Soy mujer y abogada. En paralelo con el ejercicio siempre tuve interés por los derechos de la mujer; la única militancia que he tenido en mi vida es el feminismo. Empecé en los años 70 y con el tiempo trabajé como activista por el reconocimiento de los derechos humanos de las mujeres, su formación y empoderamiento de manera que logremos autonomía económica. En este momento estoy al frente de Voces Vitales de Venezuela, es una organización que promueve el liderazgo de las mujeres, y el trabajo para la prevención y atención de la violencia de género.
Me interesan las comunidades de mujeres y establecer relaciones de sororidad. También la identificación de los estereotipos que enfrentan, sus discriminaciones y situaciones de violencia. Siempre me sentí bien recibida en los grupos de mujeres, diría que no solamente han sido una comunidad de intereses ideológicos y profesionales, sino que mis amigas de la vida, y compañeras de tantos años, vienen de esos grupos. Ahí se construye un tejido social que se alimenta de esa comunidad que comparte intereses, metas y trabajo. Creo que eso ha sido un pilar muy importante para mí, porque además del activismo feminista, tengo una vida. Me he casado dos veces, tengo dos hijos de mi primer matrimonio y llevo más de 30 años en mi segundo matrimonio.

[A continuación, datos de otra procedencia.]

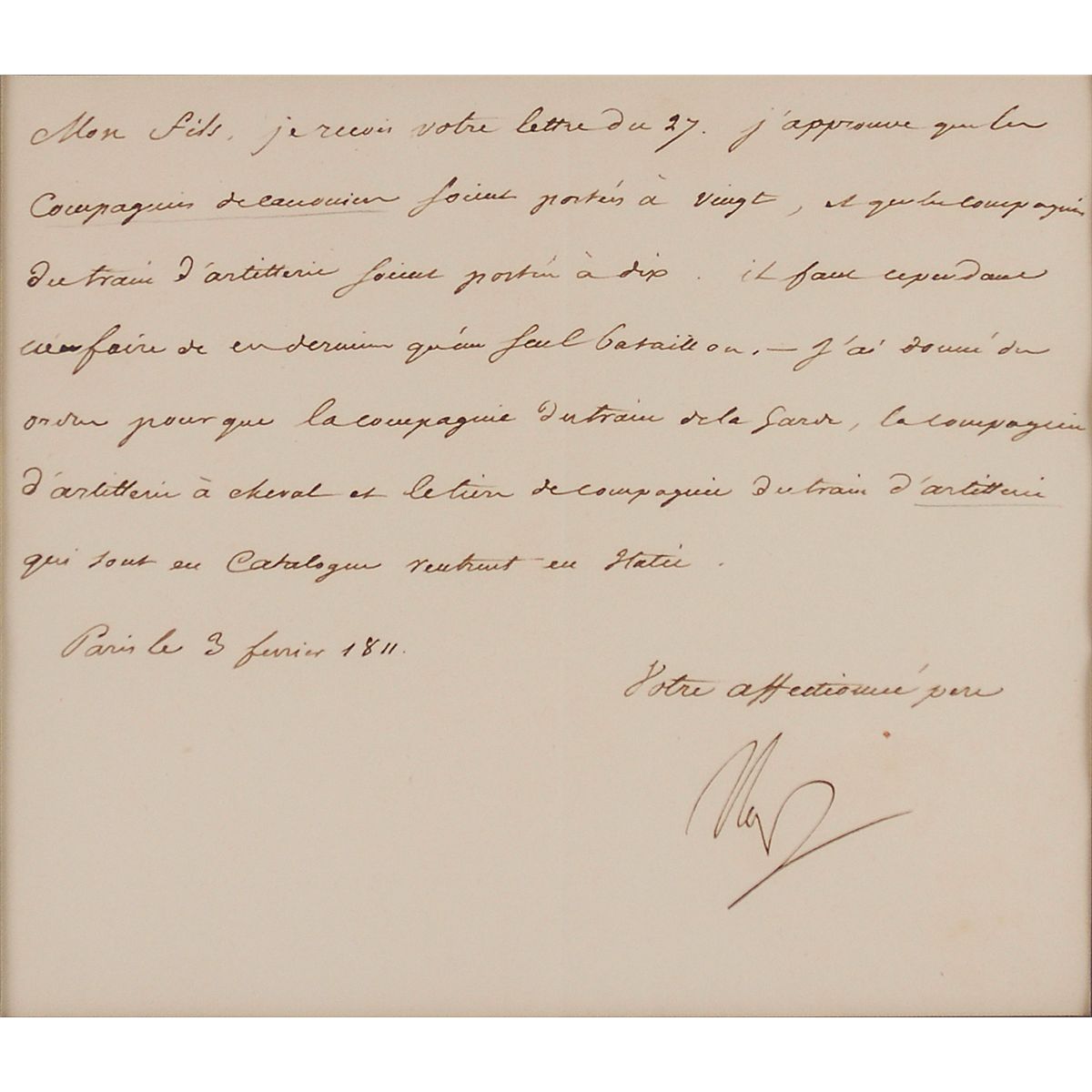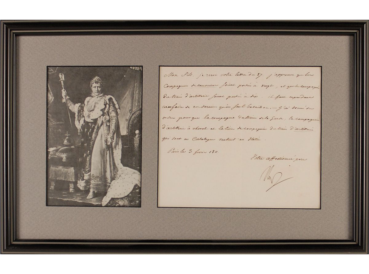LS in French, signed “Your affectionate father Nap,” one page, 7 x 6, February 3, 1811. Letter to his son. In full (translated): “My son, I am receiving your letter from the 27th. I approve that the gunner’s companies be brought to twenty and that the artillery train be brought to six. However, it is needed to make only one battalion of the latter. I have given orders for the guard artillery train, the horse artillery and a third of the artillery train company who are in Catalonia return to Italy.” Matted and framed with a portrait of Napoleon in his robe to an overall size of 16 x 10.25. In fine condition, with intersecting folds and some scattered light toning.

En la medida en que uno es un ser social, de relaciones, un ser lector, uno va encontrando identificaciones, intereses comunes, solidaridad, y va construyendo una manera de vivir, actuar, y comprometerse; eso es lo que va a construir una voz. Creo además que la voz se construye cada día. A mí me gusta tener una presencia activa en los sitios donde tengo la oportunidad de estar. Yo creo que uno debe ser partícipe porque además es una elección —estoy ahí porque me gusta y quiero—. Entonces, si me gusta y quiero, hay que levantar la mano. Incluso si es para contraponer ideas. La única manera de que sea un protagonismo activo, es con algo de atrevimiento.
Creo que todos tenemos historias que contar. Historias de éxito y también de derrotas personales y profesionales. Eso de que no me arrepiento de nada tampoco es verdad, en la medida en que van transcurriendo los años dices: ¡Caramba! Hubiera podido, en vez de hacer este trabajo, hacer este otro. Cuestionarse es lo mínimo que uno puede hacer porque eso de instalarse en una zona de confort y regodearse de eso, me parece que revela cierta pobreza de espíritu. Hay que tener los ojos abiertos y un poco de tolerancia. Tolerancia no sólo a los otros, sino tolerancia a mí misma. He aprendido a aceptarme, he tratado de aprender a comprenderme, perdonarme, tolerarme; y trato también de aplicar eso a los demás. Creo en que hay un camino de tolerancia y solidaridad que tenemos que caminar, y que solo se puede trabajar caminando juntos.
Me gradué de abogada en la Universidad Católica, y me fui a estudiar tres años en Francia, desde 1975 a 1978, con una beca de la Fundación Gran Mariscal de Ayacucho. Eran momentos de efervescencia y no había que apurarse mucho, bastaba con tener los ojos abiertos y las orejas paradas. Cuando regresé de Francia se estaban creando los primeros grupos feministas aquí en Venezuela y ahí encontré mi espacio, porque creo en la necesidad de participar en el medio donde vives. Si yo vivo en Venezuela es porque quiero vivir aquí, quiero estar incorporada a la vida de aquí, quiero ser partícipe y protagonista del lugar donde me desempeño y vivo. Estoy contenta de vivir en Venezuela, no sería un autor de cambio en ninguna otra parte del mundo.
Diría que la vida misma me inspira. Me levanto cada día porque tengo cosas que hacer que yo misma he elegido hacer. Hago lo que hace todo el mundo para resolver su vida cotidiana y le echo pichón, porque no hay de otra. También siento que cada día hago algo que me hace mejor persona, de alguna forma. La calidad humana me parece indispensable, que la gente viva de acuerdo con valores. Me gustaría que si van a recordarme pensaran que «viví de acuerdo a lo que creía; y fui una razonable, buena persona».